Records from a dataset:
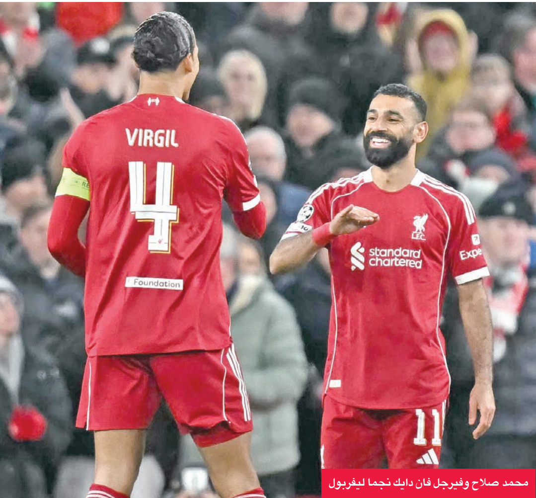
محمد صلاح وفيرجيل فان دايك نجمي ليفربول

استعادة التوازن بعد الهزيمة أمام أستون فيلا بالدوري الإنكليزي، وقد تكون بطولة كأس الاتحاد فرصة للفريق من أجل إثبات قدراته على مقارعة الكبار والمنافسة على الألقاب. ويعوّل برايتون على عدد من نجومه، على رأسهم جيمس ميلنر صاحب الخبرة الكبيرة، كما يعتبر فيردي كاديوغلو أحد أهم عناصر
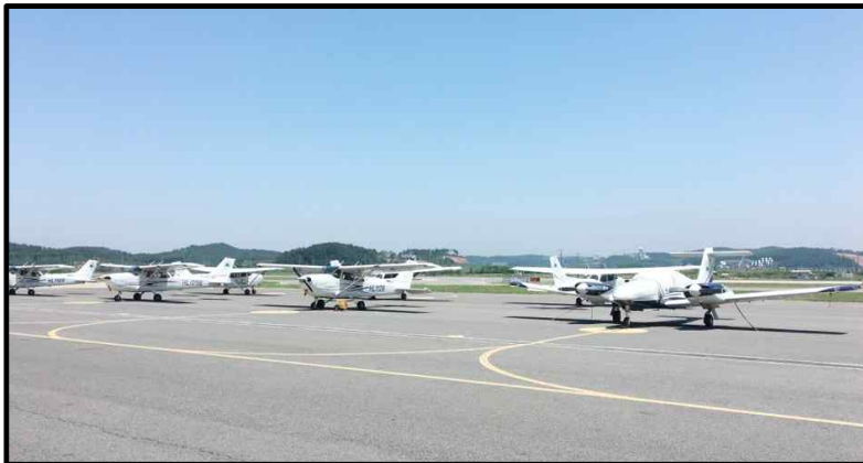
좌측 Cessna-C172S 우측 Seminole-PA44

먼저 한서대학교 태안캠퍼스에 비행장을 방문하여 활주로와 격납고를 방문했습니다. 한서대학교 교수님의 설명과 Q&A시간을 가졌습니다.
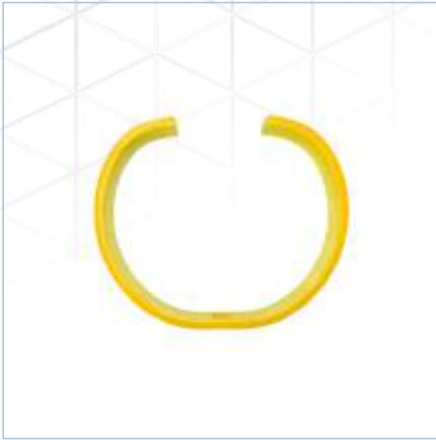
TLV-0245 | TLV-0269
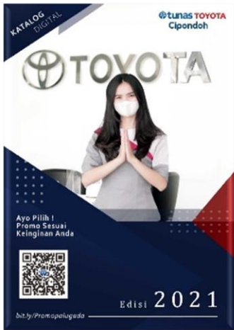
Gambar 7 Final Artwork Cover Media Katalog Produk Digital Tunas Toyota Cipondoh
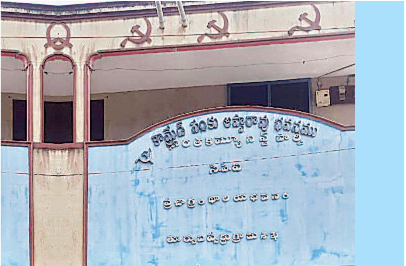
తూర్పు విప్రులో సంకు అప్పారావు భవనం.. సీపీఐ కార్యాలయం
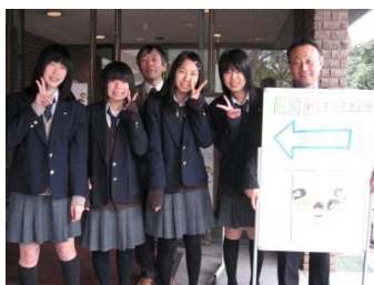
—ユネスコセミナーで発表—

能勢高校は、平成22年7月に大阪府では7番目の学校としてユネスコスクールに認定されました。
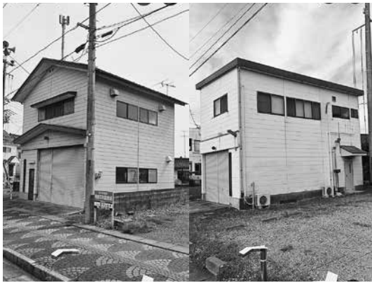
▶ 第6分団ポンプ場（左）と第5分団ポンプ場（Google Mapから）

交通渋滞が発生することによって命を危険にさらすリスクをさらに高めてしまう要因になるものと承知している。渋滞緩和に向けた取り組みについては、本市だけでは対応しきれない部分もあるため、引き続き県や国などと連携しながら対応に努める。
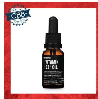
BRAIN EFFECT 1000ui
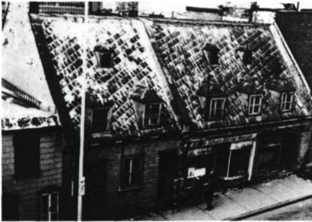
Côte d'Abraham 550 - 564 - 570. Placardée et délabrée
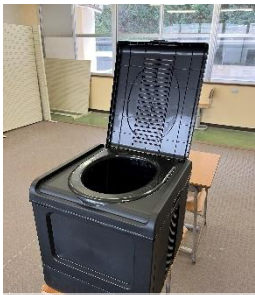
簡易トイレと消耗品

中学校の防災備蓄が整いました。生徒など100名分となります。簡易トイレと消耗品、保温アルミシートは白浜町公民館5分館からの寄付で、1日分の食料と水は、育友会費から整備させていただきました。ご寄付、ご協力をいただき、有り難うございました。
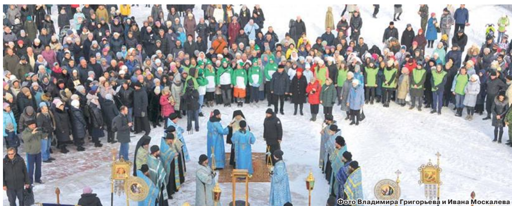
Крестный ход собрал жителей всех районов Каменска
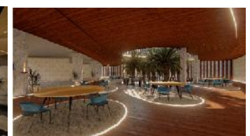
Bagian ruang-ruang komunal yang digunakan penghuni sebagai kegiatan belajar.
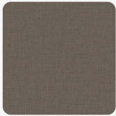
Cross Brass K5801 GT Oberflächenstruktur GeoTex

### Exercise objective
Above are the records. Copy exactly, and only, the lines from the line containing "Крестный ход собрал" through the last one, omitting any pictures.

### Output of the exercise
Крестный ход собрал жителей всех районов Каменска
Bagian ruang-ruang komunal yang digunakan penghuni sebagai kegiatan belajar.
Cross Brass K5801 GT Oberflächenstruktur GeoTex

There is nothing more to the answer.